According to Wikipedia, "What a Wonderful World" was written in 1968 "as an antidote for the increasingly racially and politically charged climate in the U.S.," specifically for Louis Armstrong, because he appealed to whites. This doesn't make the song, or its writers, bad, by any stretch of the imagination, but it does lead me to think differently about the song.

It's not that I don't know that people use music to try to influence one another, and that this sort of calculation goes on all the time, regarding who is marketable to which segment of the population, and what lyrics would be more acceptable or less acceptable -- I guess it had just not occurred to me that this sort of thing might have started a lot earlier than I had considered that it might have. I guess I sort of had this romantic view of all songs pre-1976 (or so) being the spontaneous outpouring of emotion into music, by people who then shlepped the songs around to various labels, refusing to alter their artistic vision, until Fame happened. Blah blah blah, dedication to their artistic vision, blah blah blah, believe in the music and the audience will come to you, etc.

It's kind of especially disillusioning with respect to this song in particular, because it's so short and simple and easy-looking. I mean, you don't hear this song and immediately think, oh, it must have taken a dedicated army of jazz songwriting technicians to produce this.

-Jessi

- - - - - - - - - - - - - - - - - - - - - - - - - - -

I see our green shafts, red roses too,
I see that they bloom, which is for me, and for you,
they think to themselves, "That wonderful peace of ours."

I see the skies of blue, clouds of whiteness,
the bright blessed days, the night darkness (most sacred to itself),
and (I think) that wonderful peace.

The rainbow flowers in the sky so sufficiently
find the sides of people going past. (Also on
the friends that shake hands: I see them.) To speak, as you make
them say to you, "I love you, actually."

I observe babies crying.

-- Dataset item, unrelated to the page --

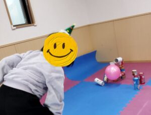 スノーマンボーリング⛄では、スタッフと「〇本倒せたね!」「残りのピンを倒すためにはどこに転がす?」などやりとりをしながら楽しく活動に参加することが出来ました。

As I hear it, they begin to grow:
I won't learn more than they will. (To know this is very
wonderful.) And I never think of their peace.

The rainbow flowers in the sky, so sufficiently
situated on the sides of people going past, are also
speaking as friends. I see you make the hands shake: you make them.
He speaks: "they actually love me."

As I begin to observe it, I hear babies cry. They grow,
you know. (It will be you that they're never gonna teach.
They won't know the entire series better than I.)
I think to myself, wonderful peace, and
yes, he thinks to himself, wonderful peace.